Abstract

Polyarteritis nodosa (PAN) is a systemic necrotizing vasculitis that involves the renal and visceral arteries. 1 PAN typically presents with systemic symptoms and signs such as fatigue, weight loss, weakness, fever, arthralgia, skin lesions, hypertension, renal insufficiency, neurologic dysfunction and abdominal pain. 2 Despite the common involvement of the kidney, spontaneous perirenal hemorrhage from a renal vasculitic aneurysm is a rare complication.
A 72-year-old man was admitted to the hospital with complaints of dyspnea and generalized edema that had persisted for 2 weeks. Physical examination revealed coarse and decreased breath sounds with moist rales. His serum potassium and creatinine level were 9.5 mEq/L and 10.6 mg/dL, respectively. Viral makers and autoantibodies, including anti-neutrophil cytoplasmic antibodies, were negative. His erythrocyte sedimentation rate was 18 mm/h and high sensitive C-reactive protein was 21.4 mg/L. We performed emergency hemodialysis via femoral vein catheterization under the impression of acute kidney injury and uncontrollable potassium levels. After emergency dialysis, the patient’s condition slowly improved. On the 15th hospital day, he complained of a sudden onset of right flank pain accompanied by a hypotensive episode. Abdominal computed tomography showed massive perirenal hematoma around the right kidney (Panel A: arrow). Renal angiography showed multiple aneurysmal dilatations of the interlobar arteries of the right kidney, and we performed coil embolization (Panel B: arrows; Panel C). Polyarteritis nodosa was diagnosed according to the radiologic findings of aneurysmal dilatation of the interlobar arteries of the right kidney.

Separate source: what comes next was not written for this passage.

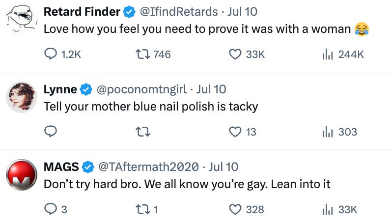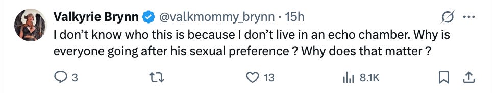 After pissing everyone off with the faceless blue nail polish lady, he reposted a photo of himself just going out for the night, which prompted lots of right wingers to accuse him of being gay.

In the absence of easily accessible tissue for biopsy, the angiographic demonstration of involved vessels is helpful for diagnosing vasculitis, particularly in the renal, hepatic, and visceral arteries. 3 In this case, we did not consider PAN before performing renal angiography due to the absence of the typical clinical presentation and laboratory testing. Because of dyspnea and pulmonary edema on chest X-ray, we did not consider the invasive renal biopsy. After the patient presented with perirenal hematoma, the diagnosis was established by renal angiography. Therefore, renal angiography may be helpful to establish the etiology of perirenal hematoma of unknown cause.

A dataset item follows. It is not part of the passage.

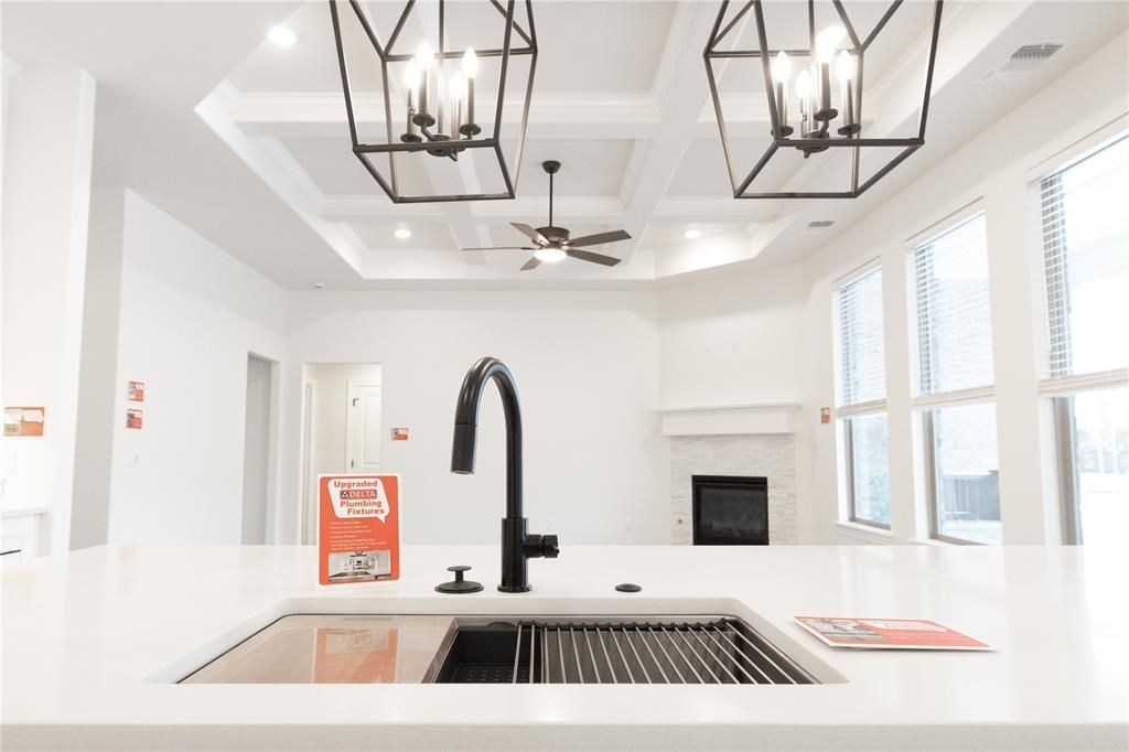 FENCING AND BLINDS INCLUDED! The Hazel floor plan has a total of 2,095 Sqft for living space, including 1,900 Sqft of indoor living and 220 Sqft of outdoor living that features a wood-burning fireplace, a gas line, and a TV hookup! This immaculate home offers 4 bedrooms, 2 full bathrooms, covered patios, a utility room, and a 3-car garage with an in-ground storm shelter installed. The great room presents a beautiful coffered ceiling with a ceiling fan, a gorgeous corner gas fireplace with our stacked stone detail, large 7' windows, rocker switches throughout, and elegant wood-look tile. The high-end kitchen has stainless-steel appliances, including a 5-burner cooktop, decorative tile backsplash, custom-built cabinets to the ceiling with under cabinet lighting and cabinet hardware installed throughout, a large corner pantry, 3 CM countertops, more wood look tile, stunning pendant lighting, and an oversized center island that holds a farm sink, a dishwasher, and a trash can pullout. The primary suite spotlights a sloped ceiling detail with a ceiling fan, windows, and our cozy carpet finish. The spa-like prime bath has a free-standing tub, a dual sink vanity with framed mirrors, 3 CM countertops, a European walk-in shower, a private water closet, and a huge walk-in closet with horizontal and vertical storage opportunities. Secondary bedrooms feature high ceilings with ceiling fans, sizeable closets, windows, and carpeted flooring. Other amenities for this energy efficient home include a tankless water heater, a fresh air ventilation system, R-44 and R-15 insulation, and so much MORE!

‘Images in vascular medicine’ is a regular feature of Vascular Medicine. Readers may submit original, unpublished images related to clinical vascular medicine. Submissions may be sent to: Mark A Creager, Editor in Chief, Vascular Medicine, via the web-based submission system at http://mc.manuscriptcentral.com/vascular-medicine
Footnotes
Funding
This work was supported by the National Research Foundation of Korea funded by the Korean Government (MEST) (2011-0028225, to KPK).
Conflict of interest
None declared.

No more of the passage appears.